▸ Material provided
+++

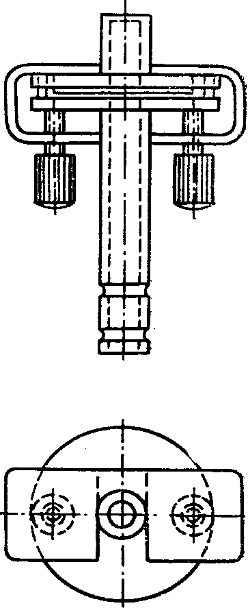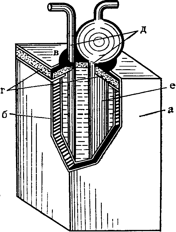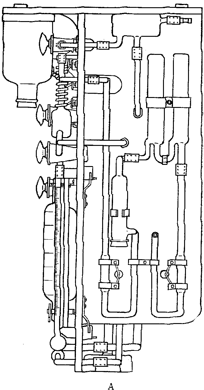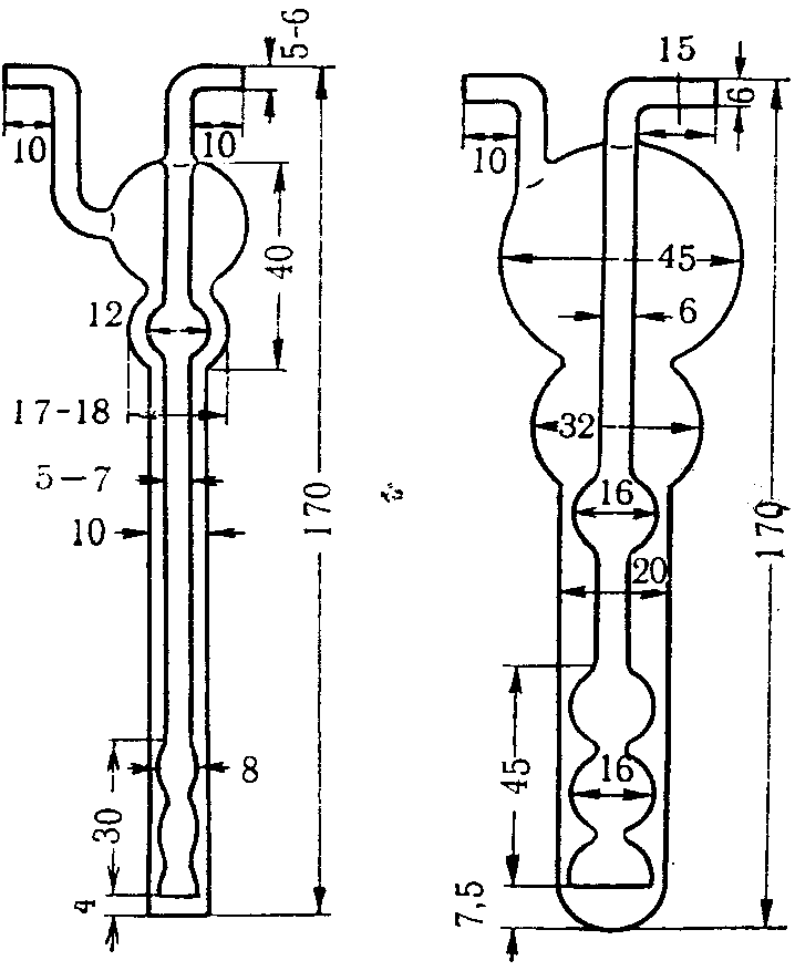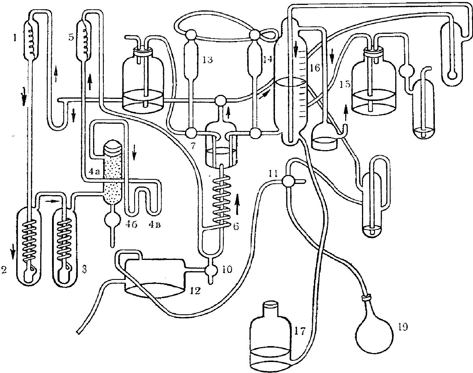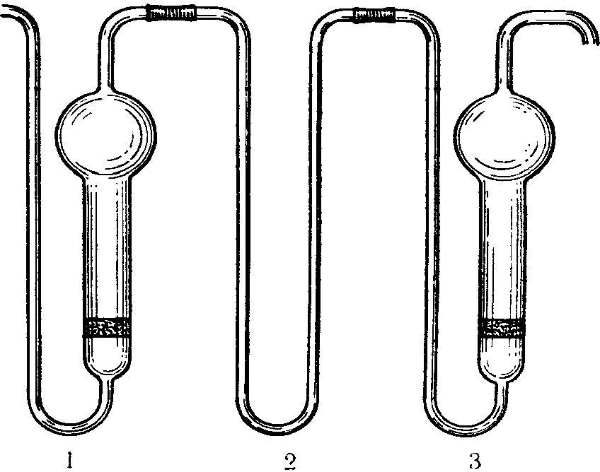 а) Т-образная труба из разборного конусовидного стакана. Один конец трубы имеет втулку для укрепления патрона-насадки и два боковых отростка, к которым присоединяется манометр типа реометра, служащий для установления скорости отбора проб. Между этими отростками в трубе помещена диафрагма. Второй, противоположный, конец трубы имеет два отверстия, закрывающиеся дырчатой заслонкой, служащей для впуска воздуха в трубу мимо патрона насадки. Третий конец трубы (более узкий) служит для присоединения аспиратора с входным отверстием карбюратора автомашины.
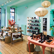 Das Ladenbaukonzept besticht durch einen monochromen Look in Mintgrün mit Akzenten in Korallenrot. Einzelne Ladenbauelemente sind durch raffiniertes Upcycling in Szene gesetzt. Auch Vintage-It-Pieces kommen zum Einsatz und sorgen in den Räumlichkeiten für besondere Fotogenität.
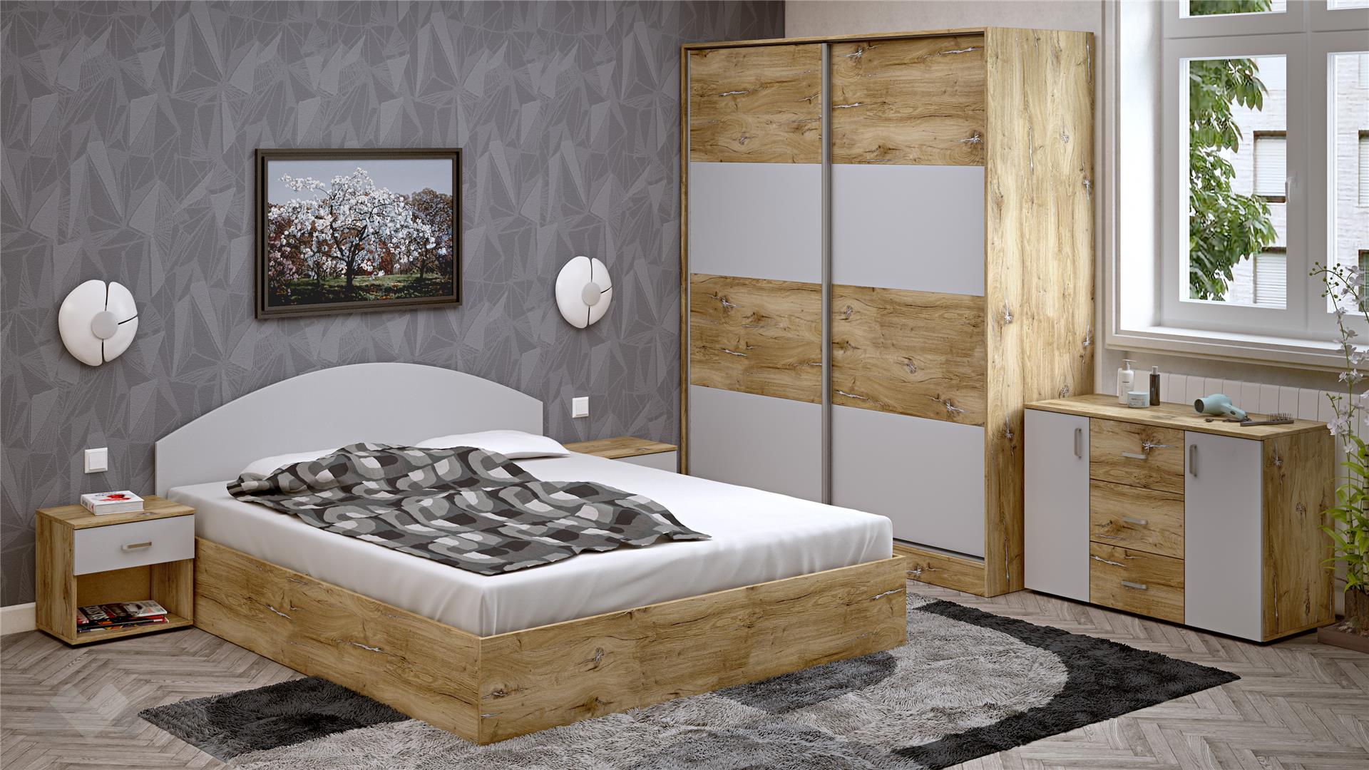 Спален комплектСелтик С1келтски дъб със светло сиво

+++

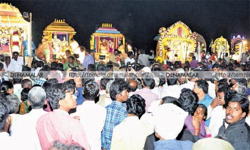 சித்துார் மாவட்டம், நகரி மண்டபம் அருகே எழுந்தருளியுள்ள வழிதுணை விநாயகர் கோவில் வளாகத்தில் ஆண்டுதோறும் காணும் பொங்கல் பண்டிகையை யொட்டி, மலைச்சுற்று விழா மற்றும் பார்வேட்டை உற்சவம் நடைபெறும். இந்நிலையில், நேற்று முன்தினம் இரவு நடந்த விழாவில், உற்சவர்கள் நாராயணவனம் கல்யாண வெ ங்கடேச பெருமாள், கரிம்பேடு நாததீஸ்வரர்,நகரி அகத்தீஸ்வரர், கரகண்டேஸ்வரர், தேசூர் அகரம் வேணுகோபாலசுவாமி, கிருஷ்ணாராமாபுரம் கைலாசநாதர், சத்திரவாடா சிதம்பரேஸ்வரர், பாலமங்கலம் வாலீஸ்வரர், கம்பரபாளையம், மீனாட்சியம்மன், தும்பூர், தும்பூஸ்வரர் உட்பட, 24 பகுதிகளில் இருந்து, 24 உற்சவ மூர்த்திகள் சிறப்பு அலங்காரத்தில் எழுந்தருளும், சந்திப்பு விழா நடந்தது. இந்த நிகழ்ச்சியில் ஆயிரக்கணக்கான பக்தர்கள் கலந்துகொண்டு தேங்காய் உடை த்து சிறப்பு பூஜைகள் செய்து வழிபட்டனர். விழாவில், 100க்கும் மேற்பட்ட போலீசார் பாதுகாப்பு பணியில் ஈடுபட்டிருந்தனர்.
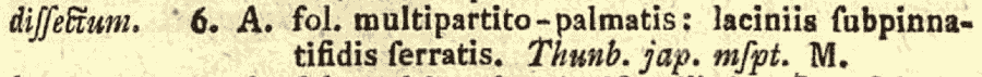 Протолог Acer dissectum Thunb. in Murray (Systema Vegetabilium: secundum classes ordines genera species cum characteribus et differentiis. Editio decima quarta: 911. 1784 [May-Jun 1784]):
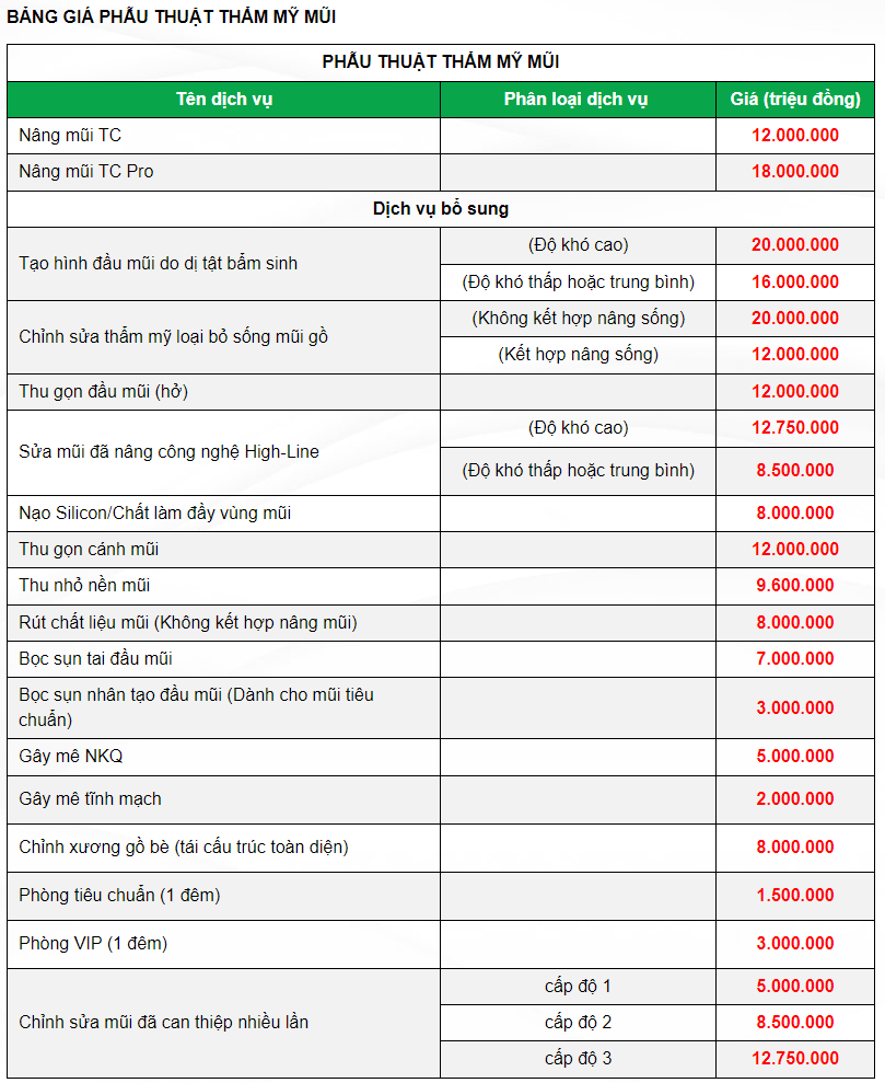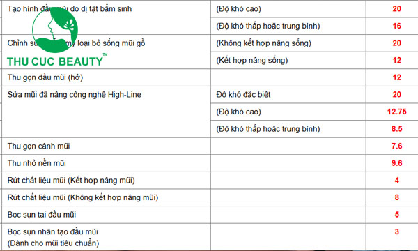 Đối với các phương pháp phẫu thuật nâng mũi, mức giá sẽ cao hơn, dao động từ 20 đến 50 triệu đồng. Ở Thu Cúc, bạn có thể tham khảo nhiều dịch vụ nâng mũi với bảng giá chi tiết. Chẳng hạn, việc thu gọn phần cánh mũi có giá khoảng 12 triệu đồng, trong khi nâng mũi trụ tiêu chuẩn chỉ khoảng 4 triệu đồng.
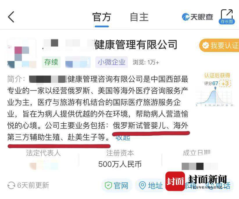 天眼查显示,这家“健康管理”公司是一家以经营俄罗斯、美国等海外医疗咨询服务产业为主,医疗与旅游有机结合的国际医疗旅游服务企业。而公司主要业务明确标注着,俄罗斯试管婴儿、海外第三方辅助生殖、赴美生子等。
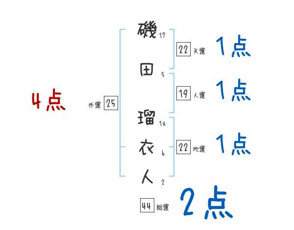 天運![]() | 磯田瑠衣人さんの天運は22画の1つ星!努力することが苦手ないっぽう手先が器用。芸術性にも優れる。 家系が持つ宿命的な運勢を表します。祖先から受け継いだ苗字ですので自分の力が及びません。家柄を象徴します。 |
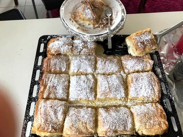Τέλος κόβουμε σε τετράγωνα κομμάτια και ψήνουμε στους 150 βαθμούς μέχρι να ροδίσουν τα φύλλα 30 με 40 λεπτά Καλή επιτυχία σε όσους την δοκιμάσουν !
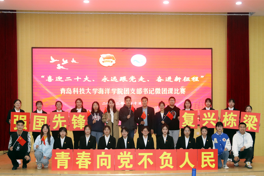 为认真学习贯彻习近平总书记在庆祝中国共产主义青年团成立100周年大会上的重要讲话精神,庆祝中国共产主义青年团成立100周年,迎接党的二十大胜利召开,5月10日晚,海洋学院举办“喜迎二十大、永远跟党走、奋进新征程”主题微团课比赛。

+++

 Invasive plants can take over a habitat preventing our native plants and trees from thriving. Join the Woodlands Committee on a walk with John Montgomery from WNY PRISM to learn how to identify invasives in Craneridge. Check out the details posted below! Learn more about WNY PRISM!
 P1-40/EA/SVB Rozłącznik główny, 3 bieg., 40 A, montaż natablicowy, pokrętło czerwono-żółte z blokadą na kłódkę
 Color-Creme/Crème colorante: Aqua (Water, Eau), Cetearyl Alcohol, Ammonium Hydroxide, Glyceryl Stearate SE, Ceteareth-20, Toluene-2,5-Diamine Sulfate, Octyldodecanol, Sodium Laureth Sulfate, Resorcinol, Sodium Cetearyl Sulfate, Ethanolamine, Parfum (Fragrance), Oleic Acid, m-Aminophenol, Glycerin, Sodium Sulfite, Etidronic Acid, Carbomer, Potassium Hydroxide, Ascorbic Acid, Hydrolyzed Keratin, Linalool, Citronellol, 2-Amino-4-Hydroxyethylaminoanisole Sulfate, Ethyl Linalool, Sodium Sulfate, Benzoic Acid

+++

▸ The task
From the records above, return exactly the lines running from the one that contains "天運![]() | 磯田瑠衣人さんの天運は22画の1つ星!努力することが苦手ないっぽう手先が器用。芸術性にも優れる。" down to the one that contains "Τέλος κόβουμε σε", both included, without any pictures.

▸ Written solution
 天運![]() | 磯田瑠衣人さんの天運は22画の1つ星!努力することが苦手ないっぽう手先が器用。芸術性にも優れる。 家系が持つ宿命的な運勢を表します。祖先から受け継いだ苗字ですので自分の力が及びません。家柄を象徴します。 |
Τέλος κόβουμε σε τετράγωνα κομμάτια και ψήνουμε στους 150 βαθμούς μέχρι να ροδίσουν τα φύλλα 30 με 40 λεπτά Καλή επιτυχία σε όσους την δοκιμάσουν !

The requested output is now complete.